Ambassador of Brazil to Pakistan
- In office August 2015 – January 2020
- President: Dilma Rousseff Michel Temer Jair Bolsonaro
- Vice President: Michel Temer Hamilton Mourão
- Preceded by: Alfredo Leoni
- Succeeded by: Olyntho Vieira

Ambassador of Brazil to the Bahamas
- Incumbent
- Assumed office March 2020
- President: Jair Bolsonaro
- Vice President: Hamilton Mourão

Personal details
- Occupation: Diplomat

= Claudio Raja Gabaglia Lins =

Brazilian diplomat

Claudio Raja Gabaglia Lins is a Brazilian diplomat who served as Brazil's ambassador to Pakistan from 21 August 2015 until January 2020. On 12 March 2020, Lins presented his credentials as Brazil's ambassador to The Bahamas,
serving in that position until June 2026. On 24 June 2026, he assumed office as Brazil’s ambassador to Nepal.

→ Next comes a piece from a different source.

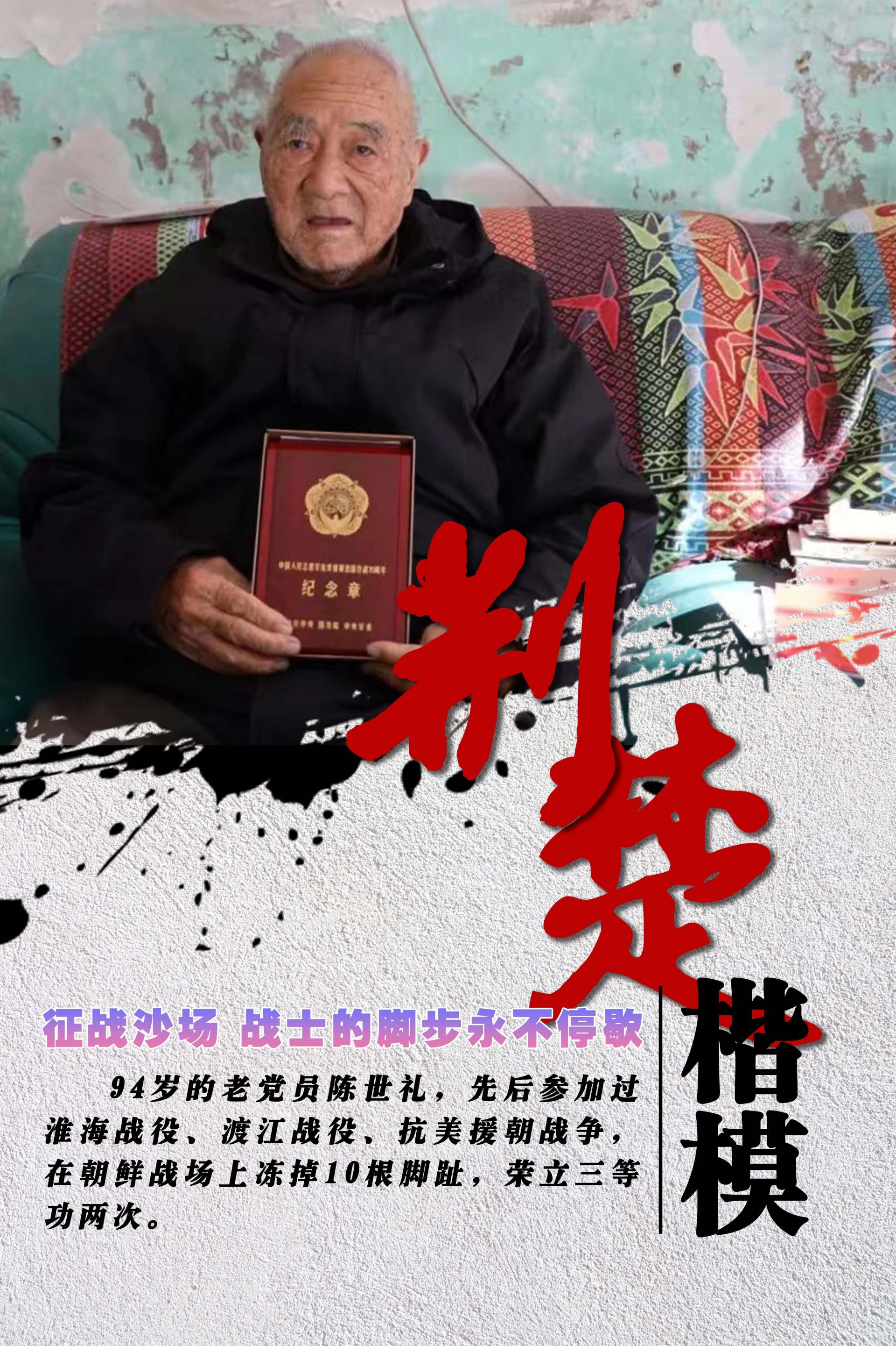 荊楚網(wǎng)(湖北日報網(wǎng))訊(通訊員 殷霞)陳世禮,男,1928年5月生,中共黨員,原湖北省黃岡市黃州區(qū)面粉廠黨支部書記。他先后參加淮海戰(zhàn)役、渡江戰(zhàn)役、抗美援朝戰(zhàn)爭,在朝鮮戰(zhàn)場上凍掉10根腳趾,兩次榮立三等功。1957年,陳世禮退役,主動選擇回到家鄉(xiāng),在黃岡糧食系統(tǒng)工作數(shù)十年。70多年來,他淡泊低調(diào),從不居功自傲、從不在人前顯耀。陳世禮曾榮獲“荊楚楷?!睒s譽。

During his tenure as envoy in Islamabad, Lins played a key role in expanding Brazil's economic cooperation with Pakistan. He oversaw the establishment of the Pakistan-Brazil Business Forum, which helped to enhance trade and investment ties. Additionally, he worked to strengthen diplomatic and cultural relations between Brazil and Pakistan during his tenure in Islamabad.